What was unusual was that the one-way glass was the wrong way round. The reflective surface was on the inside, and smoky grey transparent side on the outside. So any passer-by could have a free nosey, but the workers inside wouldn’t know because all they could see were their own stupid reflections.
It seemed to Switch to be a major design error.
Unless it had been built in a hurry.
Unless it was fake.
The door opened, and a person walked over to the bed and stood over him. Switch’s fuzzy vision made out pale blue and dark blonde – belonging to, he assumed, a nurse.
A waft of glorious perfume descended over Switch as she sat on the edge of the bed.
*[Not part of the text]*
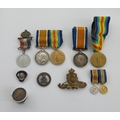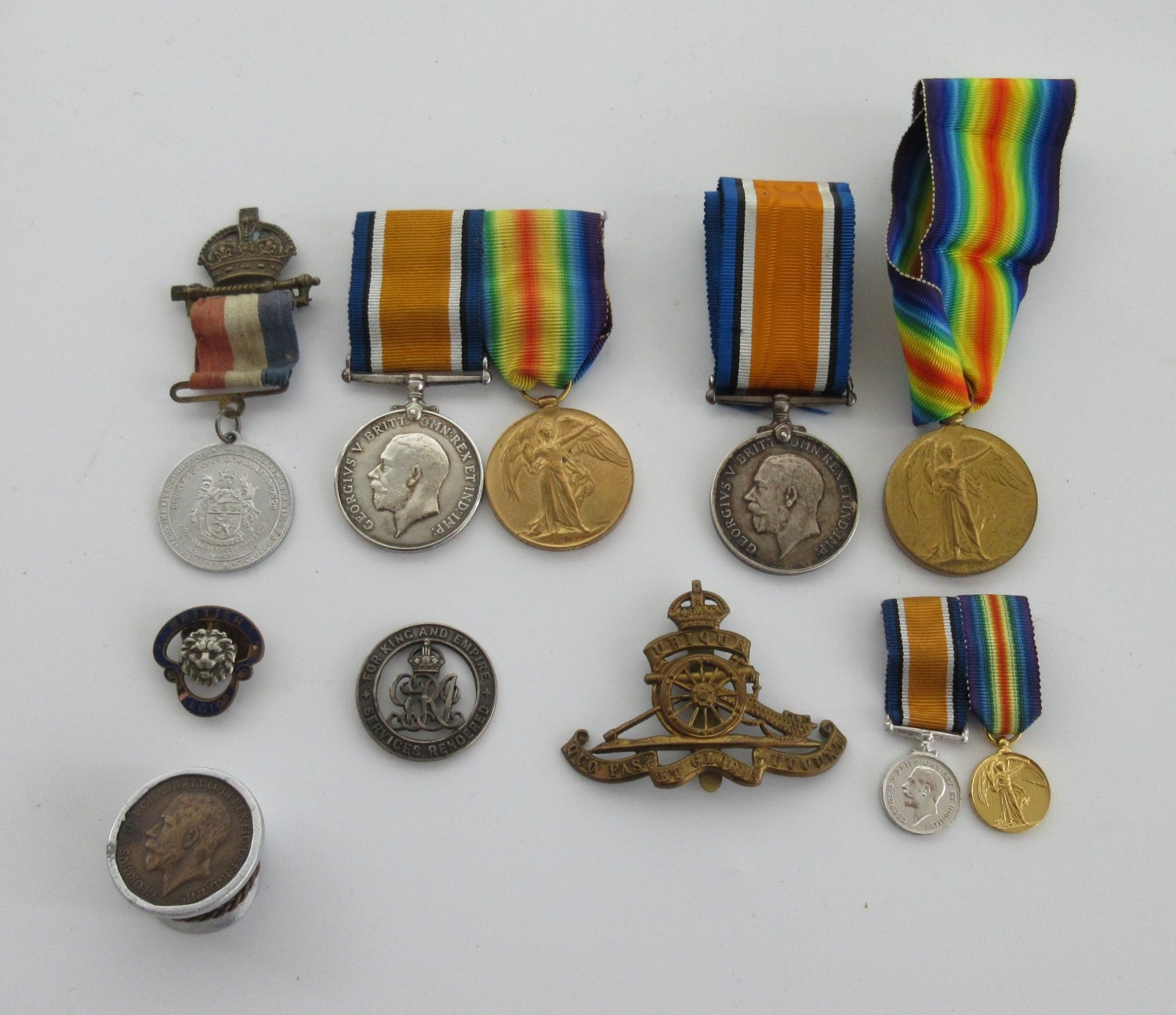 Small collection of WWI Medals and badges, Victory Medal, 1914-18 War Medal To S-10796 Pte J. Perry Rifle Brigade. Victory Medal, 1914-18 War Medal To 40932 Pte S. Duffy Yorkshire Light Infantry, with miniatures, R.A. cap badge, trench art cap etc.

A soft hand covered his.
“Hello, Mr Switch,” she said.
The soft hand suddenly wrenched his hand away from the morphine plunger.
“We’re going to take a little walk.”
*
“You stupid cretin,” Fire said quietly.
Williams ignored her, and continued studying the television.
“He didn’t die,” Fire said. “He’s still alive. You loused it up. You loused up MY kill rate.”
“’Critical and life-threatening,’ the news said. He won’t make it through the night.”
“Thanks for the prognosis, Dr Dick.”
“Michelle, if you’d seen him… There’s no way he could have survived.”
Fire threw her hands in the hair and began pacing around the hotel room.
“Oh good. That’s okay then. Who’s going to tell Retallick? You?”
Williams swallowed, and flicked off the television.
“So what do you suggest?”
Fire crossed the room and stood over him. She placed a painted finger under his chin and tilted his head up towards her.
“I suggest YOU go to the hospital, YOU find him, then YOU finish the job.”
Her face was inches from his. He could smell her lipstick. He swallowed.
“Don’t you think that’s a bit risky? I was seen at the crash…” His voice tailed off.
She traced her fingernail across his lower lip.
“Don’t worry,” she said, her voice dropping to a whisper. “I’ll make it worth your while.”
Despite himself, a look of hope spread across his face.
“Really?”
She lowered her mouth to his ear, her breath warm.
“Yes. By not cutting off your balls and force-feeding them to you if you don’t clean up this mess. I don’t DO failure.”
She stood up and stalked to the bathroom.
“If you’re still here when I come out, Retallick will be the least of your worries.”
She slammed the door.
*
Williams parked some way from the hospital, and with a white coat, stethoscope and laminated badge managed to move freely around the emergency room with minimal difficulty.
Fire breathing in his ear was still monopolising his thoughts, and despite her rage, he still entertained some fantasy of success being rewarded with her passion.